20 May 19:00 – 20 May 19:30 in Talks

Dask-on-Ray: Using Dask for Large-scale Data Processing on Ray

Clark Zinzow

Audience level:
Novice

Description

Ray is a distributed task execution system that provides a simple API for building distributed applications, and has a large ecosystem of libraries for training and serving machine learning models. As part of a recent effort to expand support for Ray-based data processing and data analytics, Dask-on-Ray was developed to allow users to run Dask workloads on Ray.

Abstract

Ray is a high-performance task execution engine whose ecosystem has historically targeted reinforcement learning and the training and serving of machine learning models. Recently, the Ray community has focused on expanding the Ray-based data processing and data analytics story, including libraries/integrations such as Modin, Mars-on-Ray, and Spark-on-Ray, as well as a lot of work on improving core Ray's performance and reliability when processing data-intensive workloads. In addition to the data processing/analytics space being valuable to support in its own right, coupling it with Ray-based model training and model serving allows for an entire machine learning pipeline to be run on top of Ray. That shared infrastructure is a big win for cluster operators that are used to stitching together disparate systems within a single pipeline, and some of Ray's system design choices, such as the distributed in-memory object store and fine-grained resource scheduling, also makes this common Ray substrate a big performance and resource utilization win.

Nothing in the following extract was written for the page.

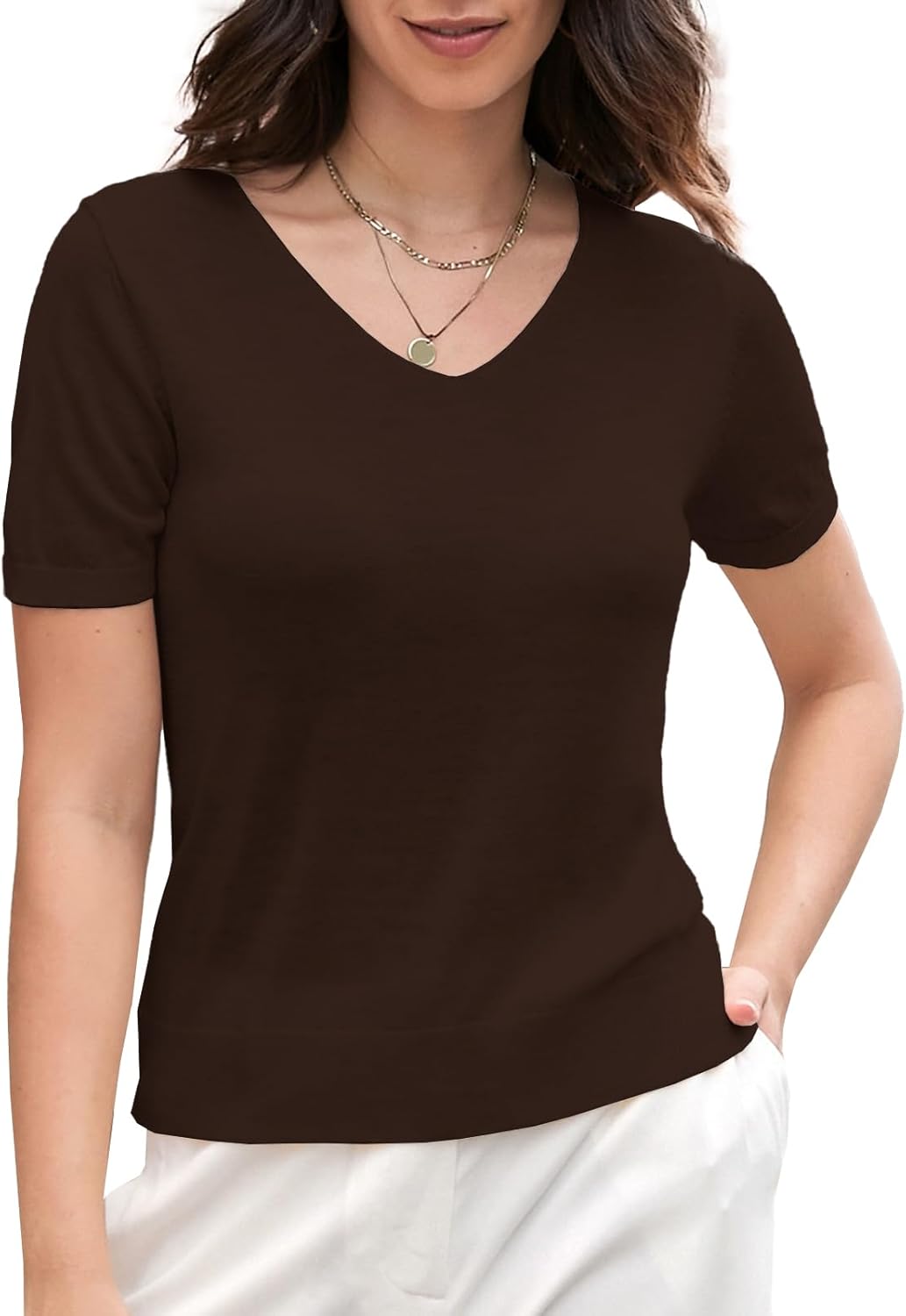 The video showcases the product in use.The video guides you through product setup.The video compares multiple products.The video shows the product being unpacked. DAIMIDY Women’s Short Sleeve V Neck Sweaters Merchant Video
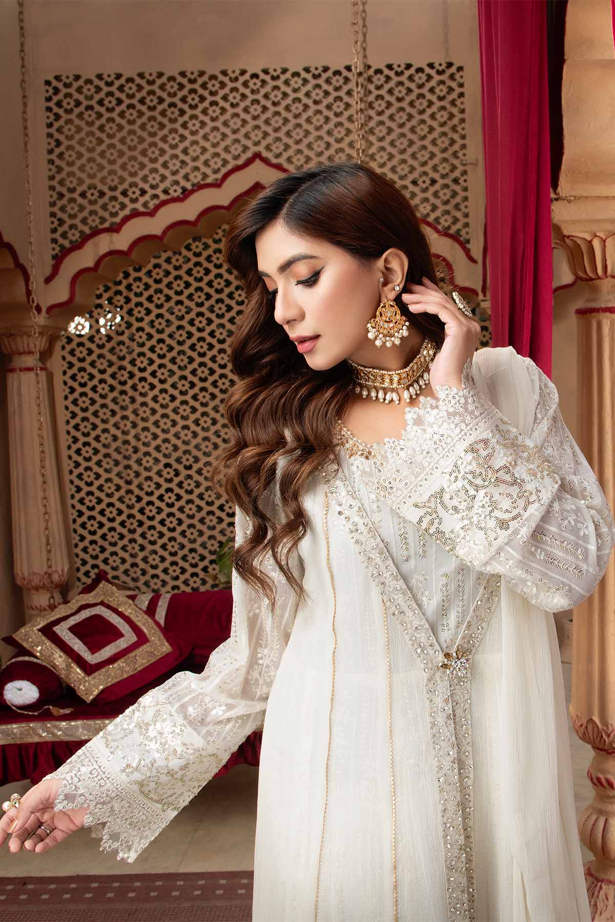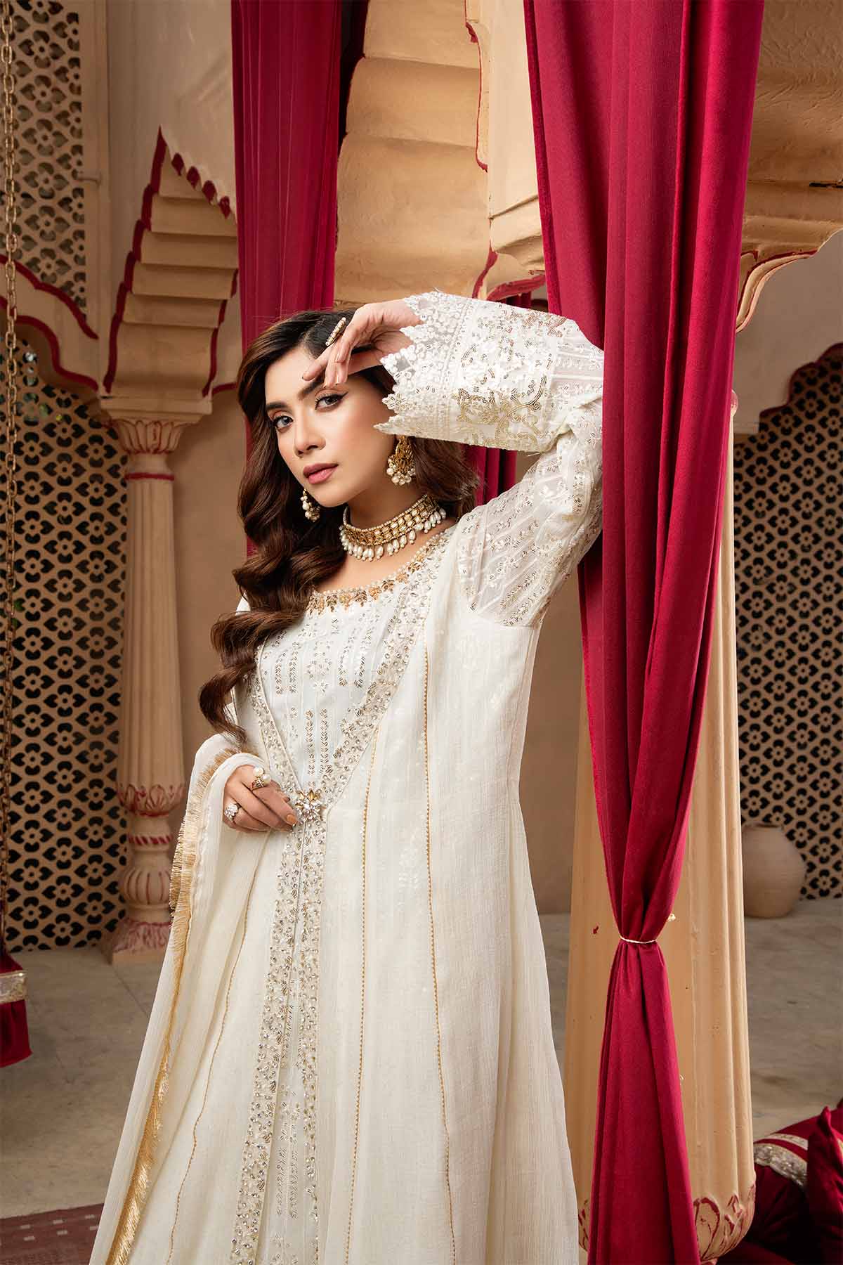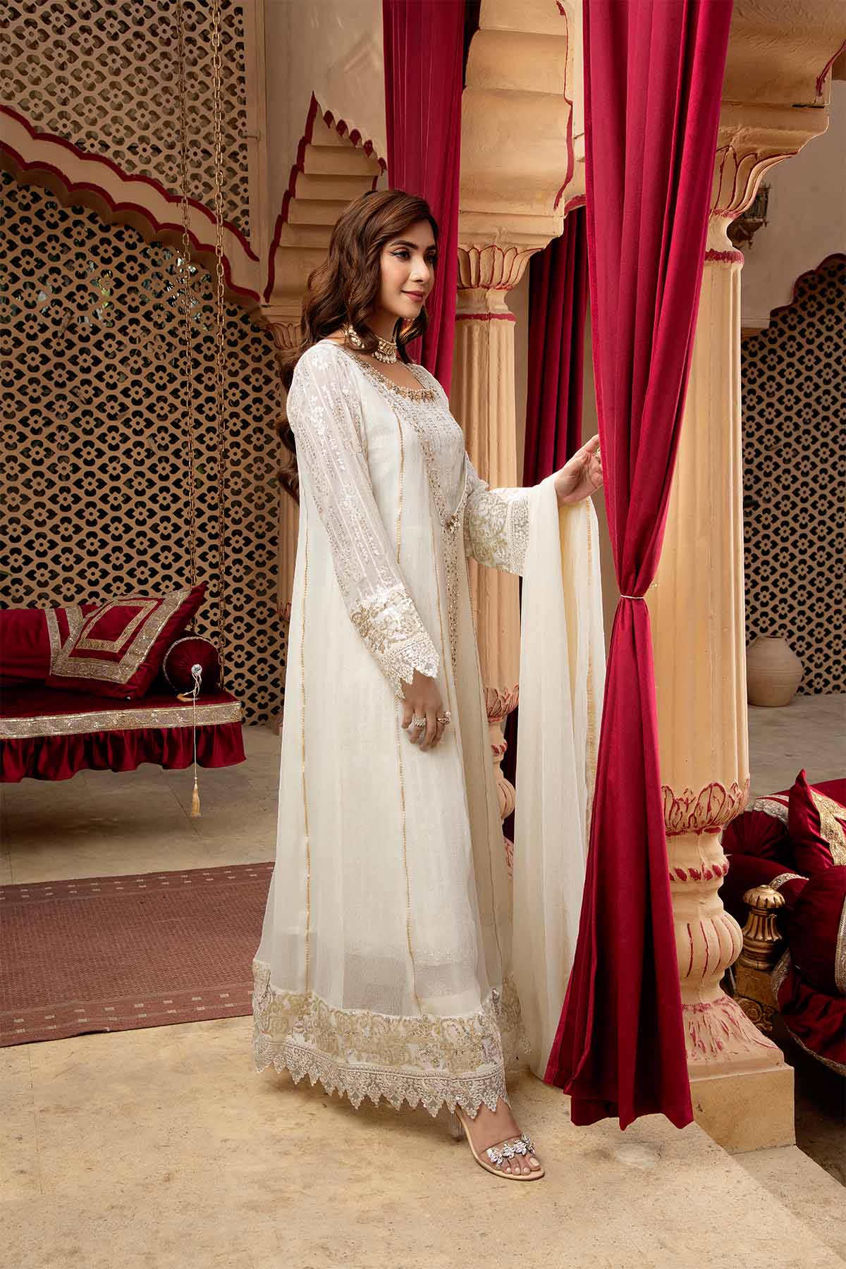 There is exquisite embroidery work in vertical patterns, which exudes grace and elegance, is a marvel of craftsmanship and design. The designer's exquisite use of the sitara, stone work and sequin embroidery technique enhances this lovely dress. A gorgeous chiffon dupatta with a kiran lace border completes the ensemble. Make use of Mona Embroidery to showcase your individual style and embrace it.

Dask-on-Ray is an integration that allows users to run Dask workloads on Ray, providing a very user-friendly option for Ray-based data processing using familiar NumPy and DataFrame APIs, while also leveraging the Dask frontend's automatic data partitioning and task graph optimizations. This integration is achieved by implementing a Dask scheduler that farms Dask tasks out to Ray, executed as Ray tasks. With this thin scheduler layer, the entire Dask ecosystem can now be run on a Ray cluster.

This talk introduces Ray and its ecosystem, describes the Dask-on-Ray integration and a few use cases and examples, and dives deep into some Ray internals that help support large-scale data processing.